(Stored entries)
● ● ● ● ● ● ●
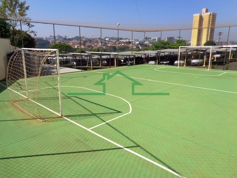 Condomínio com piscina e quadra.
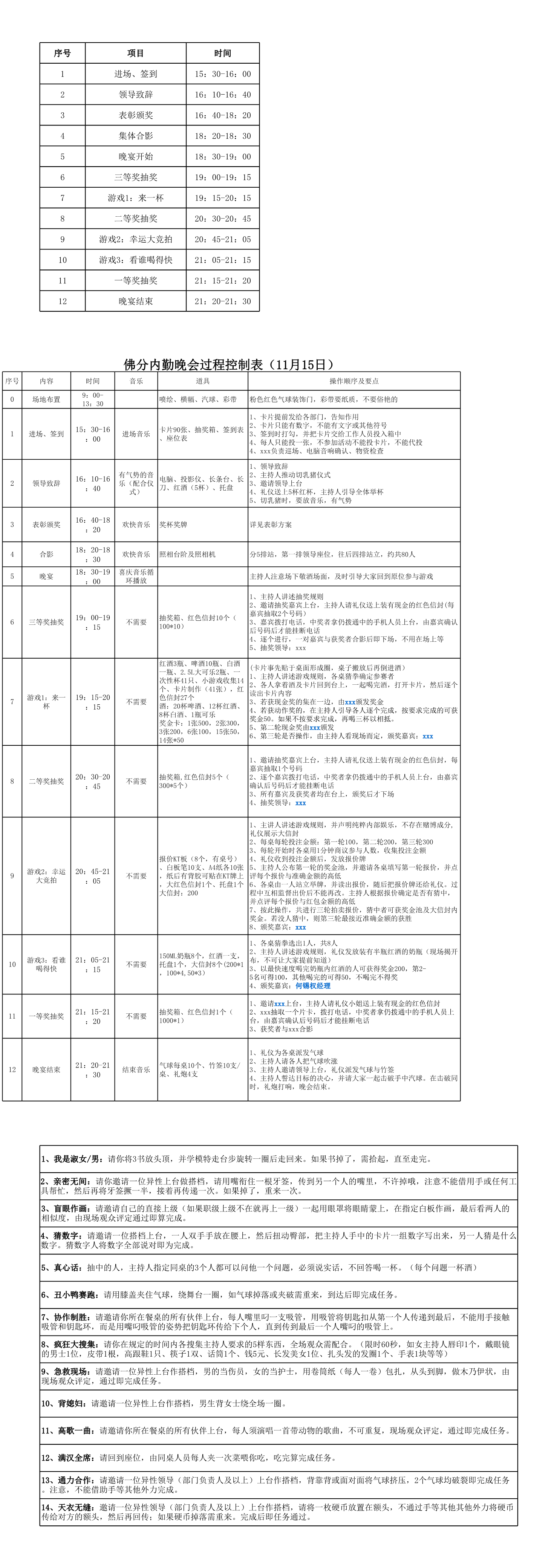 声明:本信息来源于【年会策划方案】晚会活动过程控制表.xls,仅用于学习和技术交流,如有侵权或其他问题,请联系本站处理。
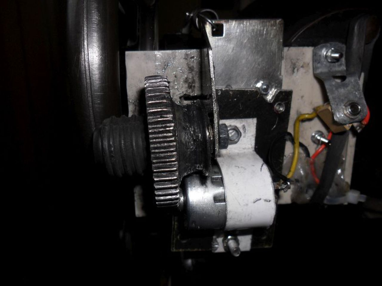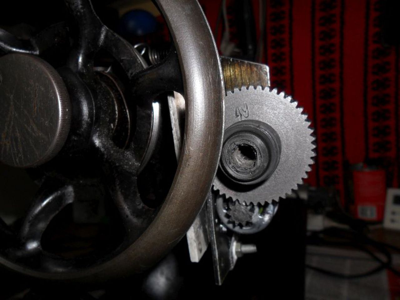 Sziasztok! Befejeztem a Singer varrógép átalakítást. Remélem, most már végleges. Nagyon sok munka volt vele, ezúttal közlök áttétel adatokat is, hátha még valaki megpróbálkozik ilyesmivel, tudja hányszoros fordulatszám csökkentés kell. A motoron levő kis fogaskerék átmérője: 11 mm, a nagy fogaskeréké 49 mm, a gumi dörzskerék 20 mm, a varrógép öntöttvas kereke 152 mm átmérőjű. Ez összesen 1:35 áttételi arányt jelent, belátható, hogy az eredeti ékszíjtárcsa csak az esetben használható fel, ha a motor fordulatszáma jóval ezer alatt van. A törpe feszültségű motorhoz most már ragaszkodom, mert kicsi, nem kell foglakozni az érintésvédelemmel, és elég jó a nyomatéka 5000 körüli fordulatszámon 6 Voltról 5 Amper körül vesz fel. Kicsit növelve a tápfeszt, 9 Volt tájékán 10 A forog már olyan gyorsan, mint pedállal lehetett felpörgetni. Az akkus csavarbehajtó eredeti áttétele csapágyazás híján megszorult, és elkoptak a fogaskerekek. Én a nagy fogaskereket találtam a fiókban, a kicsit én alkottam egy 2x ennyi, fele ekkora fogú kerék minden második fogát vágókoronggal kivágtam (Eredetileg egy SCSI Winchester motorján volt). Találtam egy 8 mm belső átmérőjű golyós csapágyat, melynek a közepét csavarral rögzítettem, kívülre a csavarbehajtó műanyag szára rögzül 3 db csavarral, és műgyantával. A dörzskerék gumija valamilyen koax antenna csatlakozó porvédő gumija volt, bármilyen kb 20 mm külméretű gumicső darab megfelel. A pedál a képen látható kínai mini varrógép pedálja, egyelőre csak egy pár érintkezőt tartalmaz még gondolkozom rajta, érdemes- e tovább bonyolítani, hiszen a tápegységen bármikor gázt adhatok neki, sőt az áramkorlát segítségével lágy indítás is lehetséges.
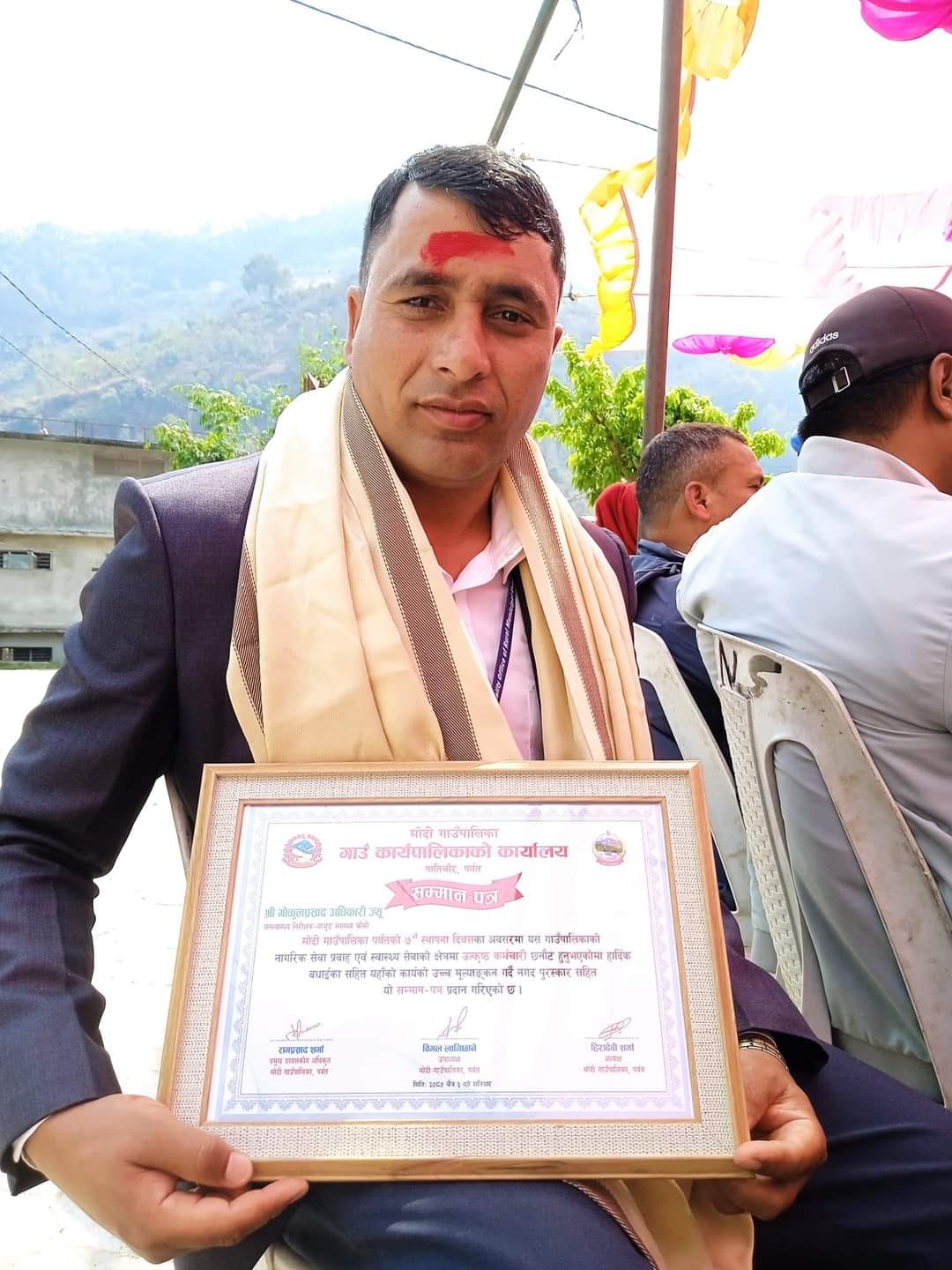 उत्कृष्ट स्वास्थ्यकर्मीको रुपमा सम्मानित (मोदी गाउँपालिका)
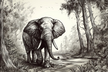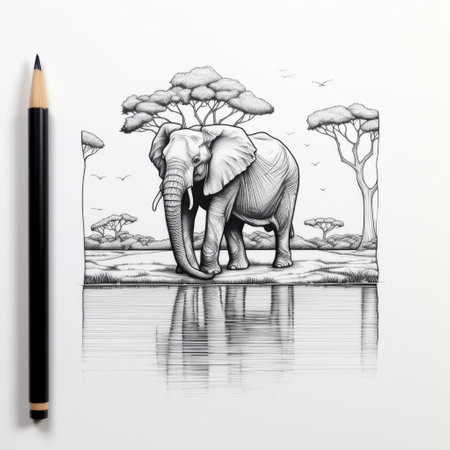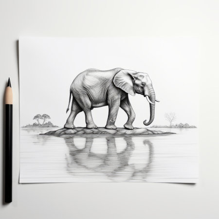 an elephant stands gracefully near a serene water area in this captivating pencil drawing. the portrait illustration showcases intricate details and symmetry, created with the use of ink. the sketch is done in the style of uhd image, with monochromatic tones and high-contrast shading. this charming character illustration is inspired by nature and showcases the artist's talent in creating captivating compositions. this artwork is a
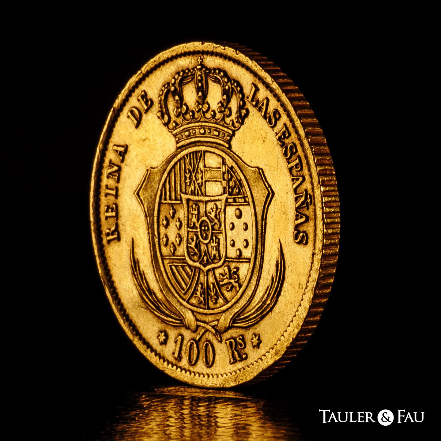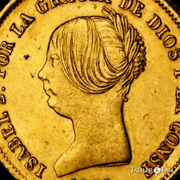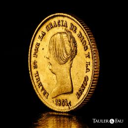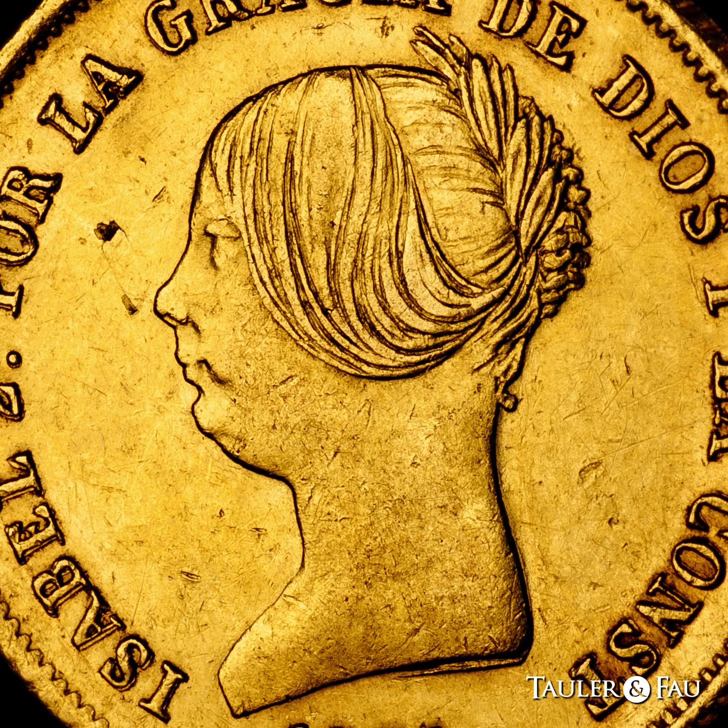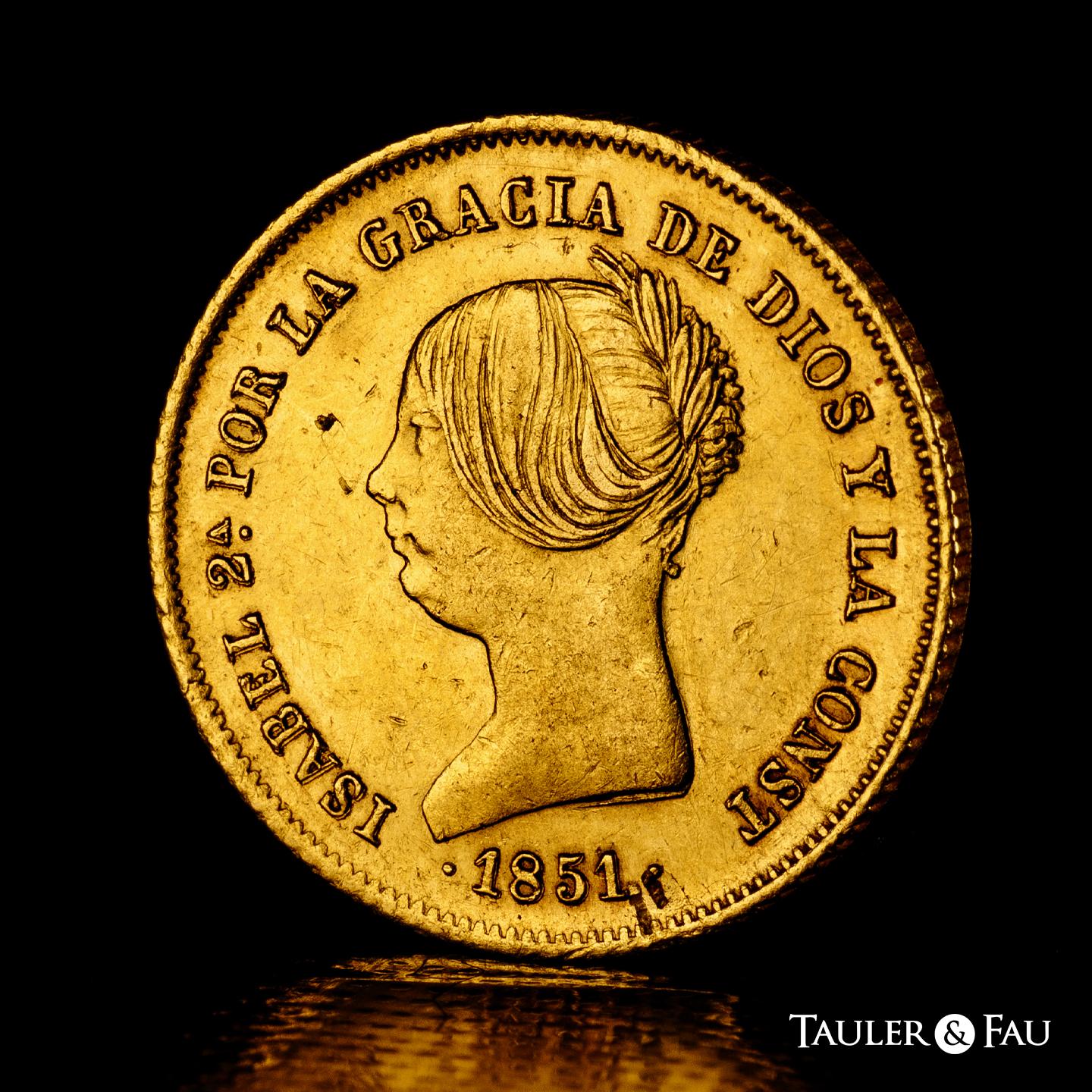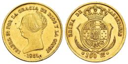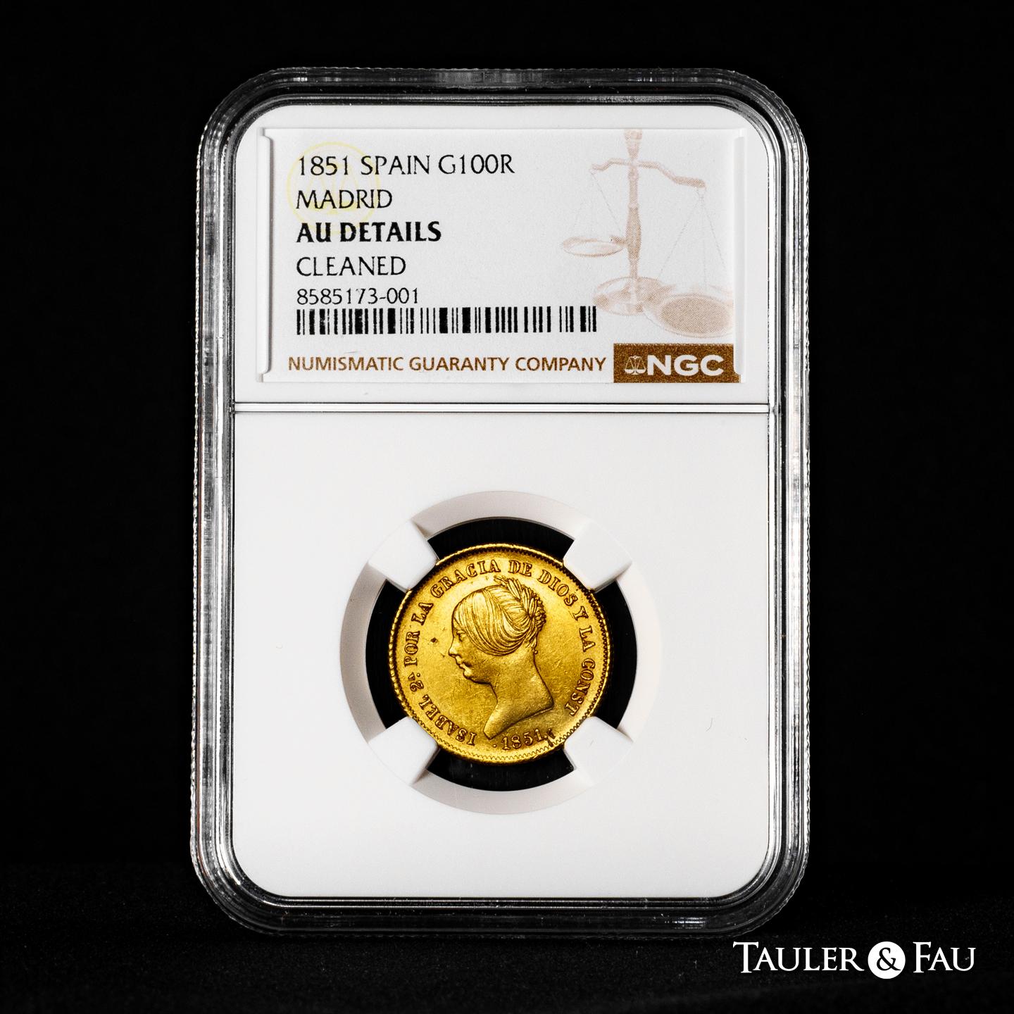 Elizabeth II (1833-1868). 100 reales. 1851. Madrid. (Cal-777). Au. 8,23 g. Two knocks on the edge and two minimal planchet flaw on the obverse. Missing in most specialised collections. Extremely rare. Slabbed by NGC as AU Details, Cleaned. Almost XF/XF. Est...5000,00.
● ● ● ● ● ● ●
Generate a word-for-word copy of the preceding records, excluding all pictures.

■ **Output below**:
 Condomínio com piscina e quadra.
 声明:本信息来源于【年会策划方案】晚会活动过程控制表.xls,仅用于学习和技术交流,如有侵权或其他问题,请联系本站处理。
 Sziasztok! Befejeztem a Singer varrógép átalakítást. Remélem, most már végleges. Nagyon sok munka volt vele, ezúttal közlök áttétel adatokat is, hátha még valaki megpróbálkozik ilyesmivel, tudja hányszoros fordulatszám csökkentés kell. A motoron levő kis fogaskerék átmérője: 11 mm, a nagy fogaskeréké 49 mm, a gumi dörzskerék 20 mm, a varrógép öntöttvas kereke 152 mm átmérőjű. Ez összesen 1:35 áttételi arányt jelent, belátható, hogy az eredeti ékszíjtárcsa csak az esetben használható fel, ha a motor fordulatszáma jóval ezer alatt van. A törpe feszültségű motorhoz most már ragaszkodom, mert kicsi, nem kell foglakozni az érintésvédelemmel, és elég jó a nyomatéka 5000 körüli fordulatszámon 6 Voltról 5 Amper körül vesz fel. Kicsit növelve a tápfeszt, 9 Volt tájékán 10 A forog már olyan gyorsan, mint pedállal lehetett felpörgetni. Az akkus csavarbehajtó eredeti áttétele csapágyazás híján megszorult, és elkoptak a fogaskerekek. Én a nagy fogaskereket találtam a fiókban, a kicsit én alkottam egy 2x ennyi, fele ekkora fogú kerék minden második fogát vágókoronggal kivágtam (Eredetileg egy SCSI Winchester motorján volt). Találtam egy 8 mm belső átmérőjű golyós csapágyat, melynek a közepét csavarral rögzítettem, kívülre a csavarbehajtó műanyag szára rögzül 3 db csavarral, és műgyantával. A dörzskerék gumija valamilyen koax antenna csatlakozó porvédő gumija volt, bármilyen kb 20 mm külméretű gumicső darab megfelel. A pedál a képen látható kínai mini varrógép pedálja, egyelőre csak egy pár érintkezőt tartalmaz még gondolkozom rajta, érdemes- e tovább bonyolítani, hiszen a tápegységen bármikor gázt adhatok neki, sőt az áramkorlát segítségével lágy indítás is lehetséges.
 उत्कृष्ट स्वास्थ्यकर्मीको रुपमा सम्मानित (मोदी गाउँपालिका)
 an elephant stands gracefully near a serene water area in this captivating pencil drawing. the portrait illustration showcases intricate details and symmetry, created with the use of ink. the sketch is done in the style of uhd image, with monochromatic tones and high-contrast shading. this charming character illustration is inspired by nature and showcases the artist's talent in creating captivating compositions. this artwork is a
 Elizabeth II (1833-1868). 100 reales. 1851. Madrid. (Cal-777). Au. 8,23 g. Two knocks on the edge and two minimal planchet flaw on the obverse. Missing in most specialised collections. Extremely rare. Slabbed by NGC as AU Details, Cleaned. Almost XF/XF. Est...5000,00.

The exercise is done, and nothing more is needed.